Day: April 13, 2003

  • I ran 7 more cemetery miles today.  Actually just  *now* .  Felt *left out all alone*.  Like an Iraqi fugitive transported to the land of the foreign dead.  Busted my psychic gut for the last lap, I did.  Yes, that was a vintage gesture on behalf of all that’s universally intrepid.


    I’m sunning now between gravestones and sipping 'something' from a can to replenish my sacred bodily fluids.   Zazen.


    I helped a chick name Sue this morning retrieve her personal belongings from the premises of an estranged lover.  No, I wasn’t alone, but attended by a motley band of rascals.  Though her ex- didn’t want to let us in, the shock and awe of a horde of scoundrels appearing at his door on Sunday morning forced his hand.  But get this: she said ‘just two dressers’ and it turned out that she had a full half-household to move.  So after spending three hours when we expected to spend only one, my buddy Mike and myself re-prioritized and just shuffled along. 


    He shuffled home to rake leaves.  I shuffled here to bask in the sun.  Satori.

  • It seems that Xangans, by evidence of the sparsity of comments, have been recently 'melting away' as quickly as the Saddam regime.  omg, I hope that most of my now-missing readers were not part of that Saddam regime.

  • Energy abounds in the world.  Pure energy.  No one can absorb it all less they burst forth as bright as a sun.  And no one can swallow the sun.


     


    ‘Sensory data’ is mediated energy.  Energy is thus interpreted and stripped down to functional essentials.  Our senses empower us by gathering a few filaments of energy here and there.  Thus assembled, the consensual gravity of the ‘known world’ bears down upon each of us to make sense of our interpretations in the ‘given’ context of what’s deemed a joint reality.


     


    Though there are slight variations in the conscious senses, (e.g., some see better than others, some taste salt more acutely, some hear tones that others miss, etc.), there is a great and overriding genetic uniformity throughout all of humanity in what filaments of energy the senses gather and how they are assembled into meaningfulness.


     


    But why do we insist that mediating energy through the consensually-acclaimed senses is the only way to apprehend it?  What happens when the point of assemblage is shifted , as in dreams, as through the use of energy-shifting drugs, or even by means of acquired volition?


     


    While many might claim that dreams and ‘altered states’ of consciousness lose touch with a consensual ‘reality’, might it not be the case that our collection points for energy assemblage shift with these other states of consciousness and that different and unusual, yet equally real , filaments of energy are thus tapped, assembled, and interpreted?   


     


    I’ve pressed here above to the limits of my knowledge and experience.  And I now stand at a door which others have described below:


     


    When human beings are perceived as conglomerates of energy fields, a point of intense luminosity can be perceived at the height of the shoulder blades an arm's length away from them, on the back. The seers of ancient times who discovered this point of luminosity called it the assemblage point, because they concluded that it is there that perception is assembled. They noticed, aided by their seeing, that on that spot of luminosity, the location of which is homogeneous for mankind, converge zillions of energy fields in the form of luminous filaments which constitute the universe at large.
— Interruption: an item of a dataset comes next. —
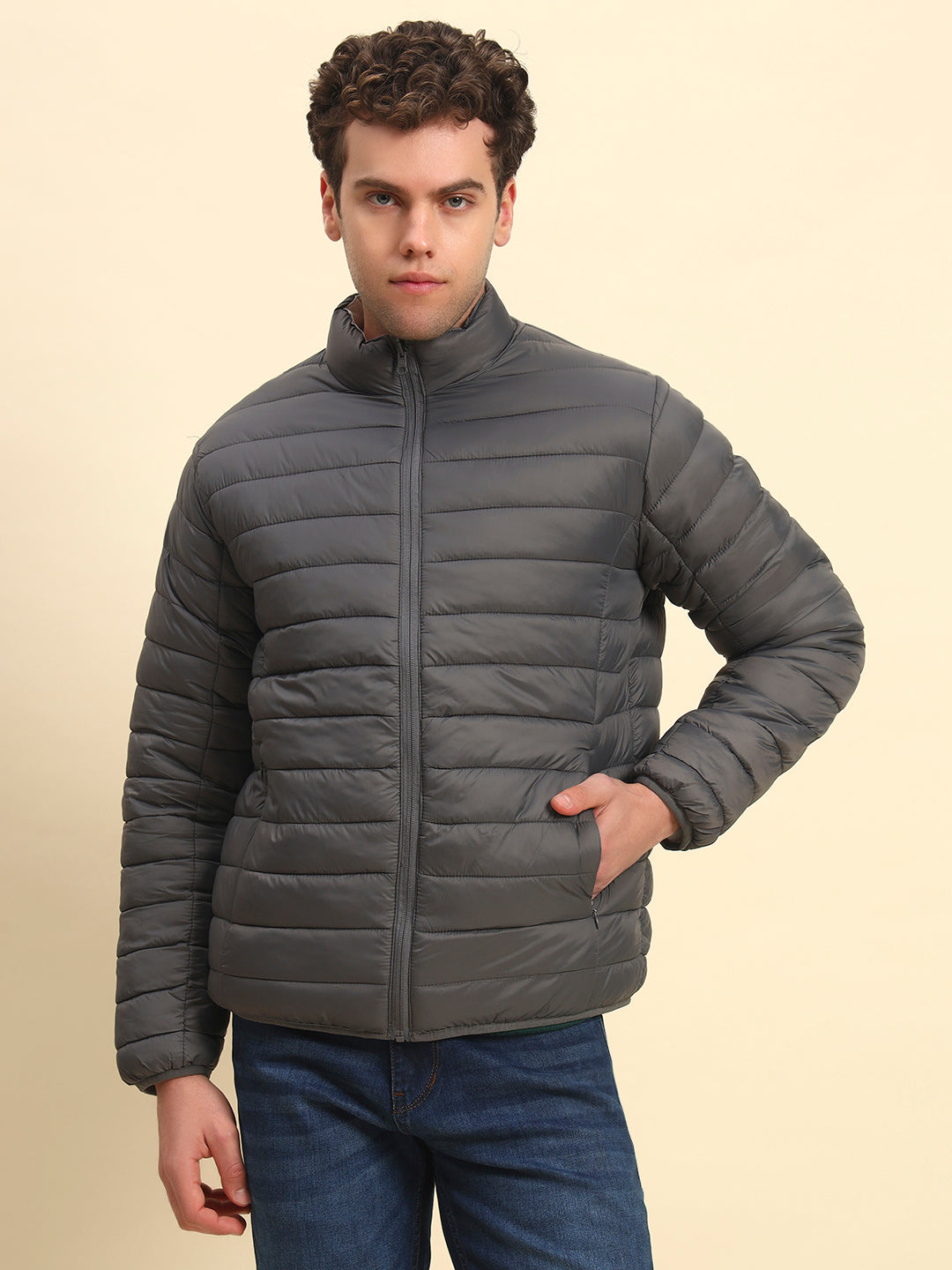 Reversible Jacket for Men | Premium Casual Jacket Smart Fit Mock Neck Nylon Fabric Solid Pattern
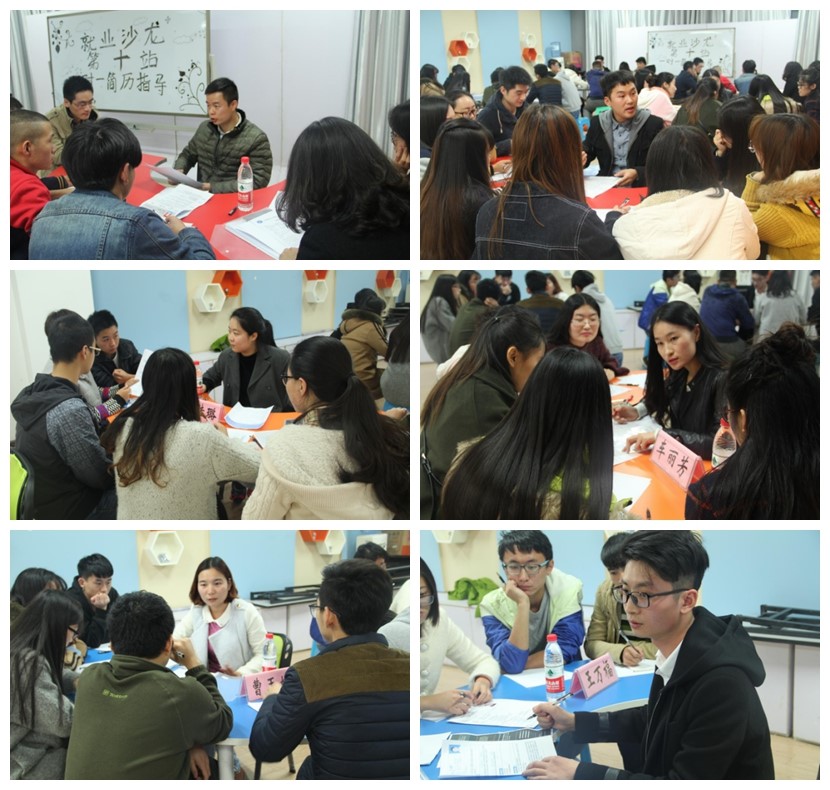 时光,似慢又快。四年大学生活转瞬即逝,怎样才能在即将步入的职场中脱颖而出呢?毫无疑问简历就是求职成功的开路先锋,是宣传和包装最有效的工具。为了让我校学生更好地用简历叩启求职的大门,2016年11月10日19:00,就业沙龙·第十站《一对一简历指导》在五教二楼创业服务大厅举行。本次就业沙龙,有幸邀请到我校就业教研小组全体教师为同学们指点迷津,分别是霍佳璐老师、车丽芳老师、向玉淼老师、曹玉姣老师、杜涵老师、王万福老师,他们每位都具有丰富的指导学生修改简历的经验。

Upon converging there, they become sensory data, which is utilizable by human beings as organisms. This utilization of energy turned into sensory data was regarded by those shamans as an act of pure magic: energy at large transformed by the assemblage point into a veritable, all-inclusive world in which human beings as organisms can live and die. The act of transforming the inflow of pure energy into the perceivable world was attributed by those shamans to a system of interpretation. Their shattering conclusion, shattering to them, of course, and perhaps to some of us who have the energy to be attentive, was that the assemblage point was not only the spot where perception was assembled by turning the inflow of pure energy into sensory data, but the spot where the interpretation of sensory data took place.


     


    Their next shattering observation was that the assemblage point is displaced in a very natural and unobtrusive way out of its habitual position during sleep. They found out that the greater the displacement, the more bizarre the dreams that accompany it. From these seeing observations, those shamans jumped to the pragmatic action of the volitional displacement of the assemblage point. And they called their concluding results the art of dreaming.


     


    This art was defined by those shamans as the pragmatic utilization of ordinary dreams to create an entrance into other worlds by the act of displacing the assemblage point at will and maintaining that new position, also at will. The observations of those shamans upon practicing the art of dreaming were a mixture of reason and seeing energy directly as it flows in the universe. They realized that at its habitual position, the assemblage point is the spot where converges a given, minuscule portion of the energy filaments that make up the universe, but if the assemblage point changes location, within the luminous egg, a different minuscule portion of energy fields converges on it, giving as a result a new inflow of sensory data: energy fields different from the habitual ones are turned into sensory data, and those different energy fields are interpreted as a different world.